Gli anni del trionfo della radio videro anche l’affermazione di un’altra forma di
comunicazione di massa tipica del nostro tempo: il cinema. Verso la fine degli anni ’20,
con l’invenzione del sonoro, il cinema divenne uno spettacolo “completo”, come lo
erano il teatro di prosa o l’opera lirica. Con la differenza che la proiezione di un film,
ripetibile infinite volte, aveva costi incomparabilmente più bassi rispetto a una
rappresentazione teatrale, poteva essere realizzata in qualsiasi locale abbastanza
ampio per contenere uno schermo ed era quindi alla portata di un pubblico vastissimo.
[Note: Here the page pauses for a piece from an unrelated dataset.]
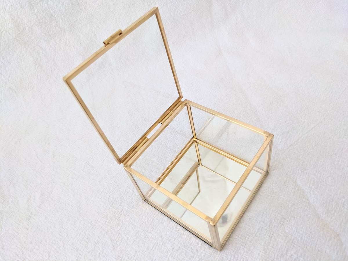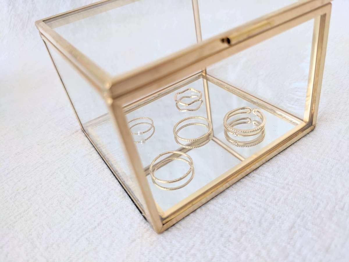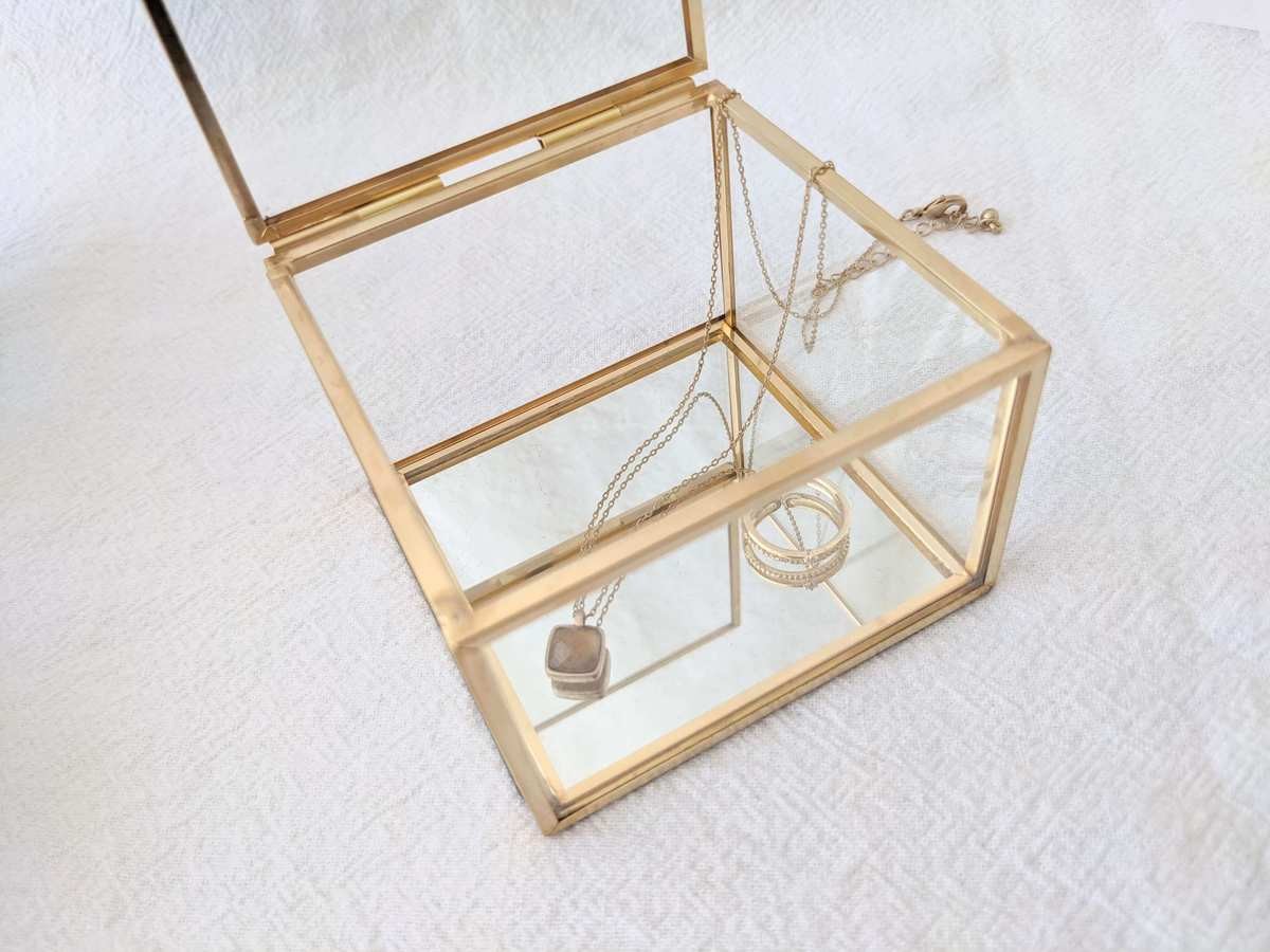 アクセサリーや小物の魅力をより際立たせてくれる「フタ付きガラスケース」。 こちらはスモールサイズで、大きさは約幅8.5cm×奥行き8.5cm×高さ6cm。

Spettacolo popolare per eccellenza, esempio di fusione fra creazione artistica e
prodotto industriale, il cinema non era solo un mezzo di svago. Era anche un veicolo
attraverso cui imporre immagini e personaggi: col boom del cinema nacque il
fenomeno del “divismo” di massa, ossia quel particolare rapporto di attrazione, spesso
ai limiti dell’idolatria, che lega il grande pubblico agli attori più popolari, o meglio alla
loro immagine diffusa dagli schermi. Ma attraverso il cinema si potevano anche
divulgare messaggi ideologici e visioni del mondo: si pensi al ruolo svolto dalla
cinematografia statunitense nel diffondere in tutto il mondo i valori tipici della società
americana: il coraggio, la tecnica, l’ascesa individuale. Una forma di propaganda più
diretta era quella affidata ai cinegiornali d’attualità che venivano proiettati nelle sale
cinematografiche in apertura di spettacolo e svolgevano una funzione complementare
a quella dei notiziari radiofonici.
Lo sviluppo delle comunicazioni di massa non solo cambiò radicalmente i modi di
concepire e di usare il tempo libero, ma ebbe effetti rivoluzionari in tutti i settori
dell’attività umana. Radio e cinema costituivano un formidabile moltiplicatore, capace
di trasformare in spettacolo di massa qualsiasi manifestazione della vita sociale: la
creazione artistica come la competizione sportiva, la cultura come la politica. Furono
soprattutto i regimi autoritari a sfruttare appieno le possibilità insite nei nuovi mezzi di
comunicazione e ad accentuare il lato “spettacolare” delle manifestazioni di massa. Ma
anche nelle democrazie la radio, il cinema e la stampa illustrata contribuirono a
“spettacolarizzare” la competizione politica, a valorizzarne gli aspetti più eclatanti, a
concentrare l’attenzione sulle figure dei leader.